During MipCom, in October 2008, MySpace announced plans for a second series and indicated that it was in talks with cable network Foxtel to distribute their first series on network television. Additionally MySpace spoke of their plans to produce versions of the MySpace Road Tour in other countries. The emerging potential for success in web video caught the attention of top entertainment executives in America, including former Disney executive and current head of the Tornante Company, Michael Eisner. Torante's Vuguru subdivision partnered with Canadian media conglomerate Rogers Media on October 26, securing plans to produce upwards of 30 new web shows a year. Rogers Media agreed to help fund and distribute Vuguru's upcoming productions, thereby solidifying a connection between old and new media.
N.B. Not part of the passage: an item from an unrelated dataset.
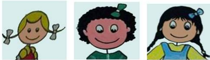
الشكل (2): العيون في الصور المعروضة.

لقد صممت الباحثة الصور بالأخذ بعين الاعتبار العوامل التالية: 1. اختيار الصور بدون كتابة أي نص وذلك للأسباب التالية: بعض الطالبات سوف يتوقفن وبالتالي سوف يُعقبن انسياب حركة المرور للطالبات عن طريق أخذ الوقت من أجل القراءة. إن إضافة أي نص سوف يعطي معنىً معيَّنًا على عكس الصورة التي يمكن أن تحمل عدة دلالات. ولذلك تم استخدام الصور فقط لأن الأبحاث وجدت بأن الأمور المرئية

Production and distribution
The rise in the popularity of the Internet and improvements the accessibility and affordability of high speed broadband and streaming video technology meant that producing and distributing a web series became a feasible alternative to "traditional" series production, which was formerly mostly done for broadcast and cable TV. In comparison with traditional TV series production, web series are less expensive to produce. This has allowed a wider range of creators to develop web series. As well, since web series are made available online, instead of being aired at a single preset time to specific regions, they enable producers to reach a potentially global audience who can access the shows 24 hours a day and seven days a week, at the time of their choosing. Moreover, in the 2010s, the rising affordability of tablets and smartphones and the rising ownership rates of these devices in industrialized nations means that web series are available to a wider range of potential viewers, including commuters, travelers, and other people who are on the go.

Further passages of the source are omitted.